Y. Plan shall mean the Corporations 2010 Incentive Compensation Plan, as amended from time to time.
Z. Plan Administrator shall mean the Compensation Committee of the Board (or a subcommittee thereof) acting in its capacity as administrator of the Plan.
AA. Service shall mean the Optionees performance of services for the Corporation (or any Parent or Subsidiary) in the capacity of an Employee, a non-employee member of the board of directors or a consultant or independent advisor. For purposes of this Agreement, Optionee shall be deemed to cease Service immediately upon the occurrence of the either of the following events: (i) Optionee no longer performs services in any of the foregoing capacities for the Corporation (or any Parent or Subsidiary) or (ii) the entity for which Optionee performs such services ceases to remain a Parent or Subsidiary of the Corporation, even though Optionee may subsequently continue to perform services for that entity.
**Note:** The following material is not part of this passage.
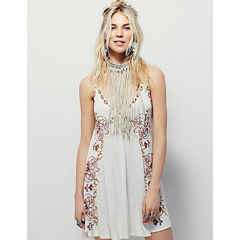 Women Dresses V-neck Vintage Embroidered Midi Dress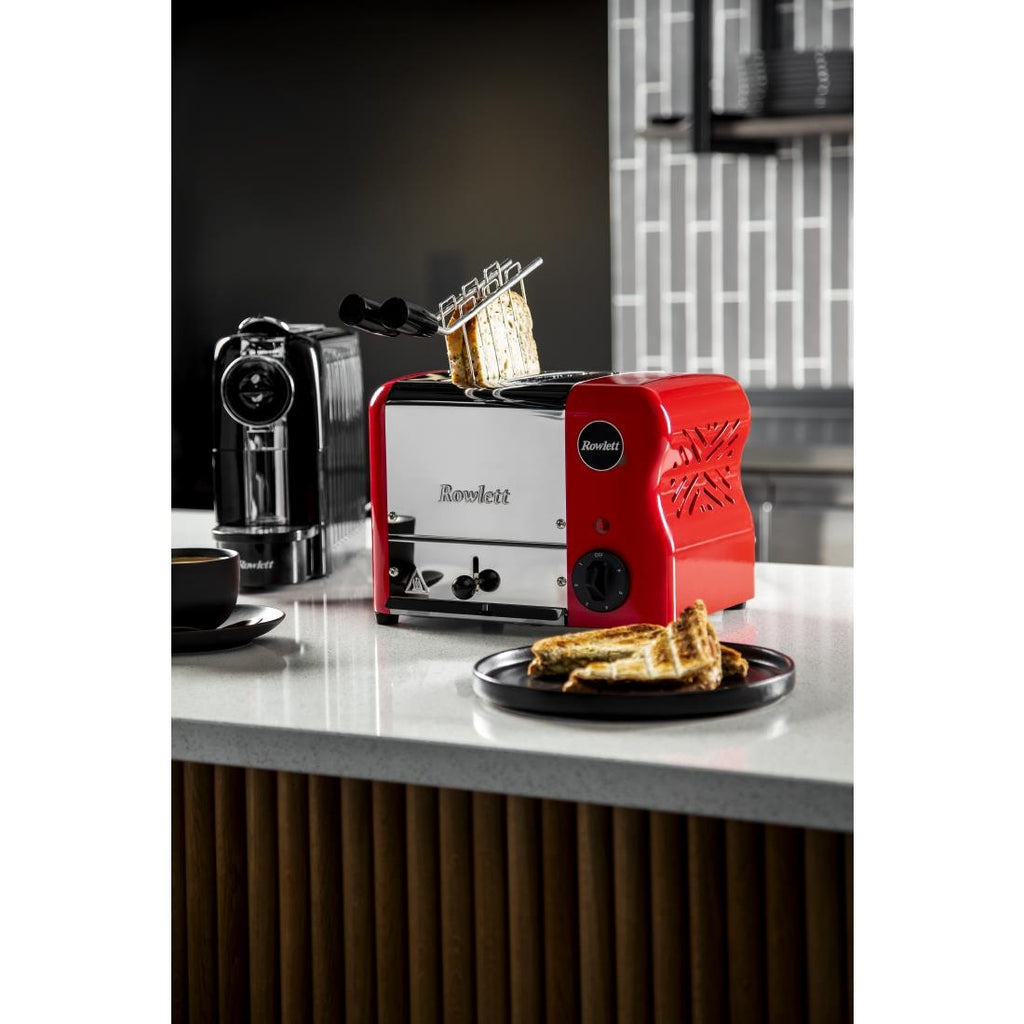 Rowlett Esprit 2-Schlitz-Toaster, Verkehrsrot, mit 2 zusätzlichen Elementen und Sandwichkäfig

Except to the extent otherwise required by law or expressly authorized by the Plan Administrator or by the
Corporations written policy on leaves of absence in effect at the time of such leave, no Service credit shall be given for vesting purposes for any period Optionee is on a leave of absence.
BB. Stock Exchange shall mean the American Stock Exchange, the Nasdaq Global or Global Select Market or the New York Stock Exchange.
CC. Subsidiary shall mean any corporation (other than the Corporation) in an unbroken chain of corporations beginning with the Corporation, provided each corporation (other than the last corporation) in the unbroken chain owns, at the time of the determination, stock possessing fifty percent (50%) or more of the total combined voting power of all classes of stock in one of the other corporations in such chain
DD. Withholding Taxes shall mean the federal, state and local income taxes and the employee portion of the federal, state and local employment taxes required to be withheld by the Corporation in connection with the exercise of the option.